Iran’s intelligence ministry had said on Wednesday it had arrested two Europeans for allegedly fomenting “insecurity” there, but it had not revealed their nationalities.
“The French government condemns this baseless arrest. It calls for the immediate release of these two French nationals,” the foreign ministry said in a statement, adding that Iran’s Charge d’Affaires had been summoned.
The arrests come a week after a Swedish national was also detained and at a sensitive time, as the United States and parties to Iran’s 2015 nuclear deal struggle to restore the pact that was abandoned in 2018 by then-U.S. President Donald Trump.
The EU’s coordinator for the talks Enrique Mora has been in Tehran this week in what appeared to be another last ditch effort to salvage the accord.
“What I can see is an absence of progress on the nuclear file and in parallel provocations like these,” a French diplomatic source told reporters ahead of a G7 foreign ministers meeting in northern Germany.
The two arrested were accused of “organising chaos and social disorder aimed at destabilising (Iran)” in conjunction with foreign intelligence services, Iranian state TV on Wednesday cited Iran’s intelligence ministry as saying.
Christophe Lalande, federal secretary of France’s FNEC FP-FO education union, told Reuters earlier on Thursday he suspected that one of his staffers and her husband, missing on a holiday in Iran, were the two arrested.
While there was no “absolute certainty”, there was a “strong presumption” that it was her, Lalande said of his colleague, whom he named as Cecile Kohler. She was the union’s international representative, he said.
Kohler had been due back in France earlier this week, he said, adding: “We have had no news from our friend.”
French authorities did not confirm the name but a second diplomatic source said it was accurate.
Two other French nationals are held in Iran on national security charges their lawyers say are politically motivated.
Rights groups have accused Iran of trying to extract concessions from other countries through such arrests. Iran has repeatedly dismissed the charge.
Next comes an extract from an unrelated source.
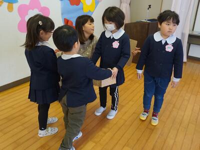 今日は、年長組さんへのありがとうの気持ちをみんなで、「お別れ会」を開催。

Western powers have long demanded that Tehran free their citizens, who they say are political prisoners.
In January, an Iranian court sentenced French national Benjamin Briere to eight years in prison on spying charges, his Paris-based lawyer said, describing the trial as a politically motivated sham and his client as a “bargaining chip”.
That same month, Iran re-imprisoned Franco-Iranian academic Fariba Adelkhah, sentenced to five years in jail in 2020 but recently living under house arrest.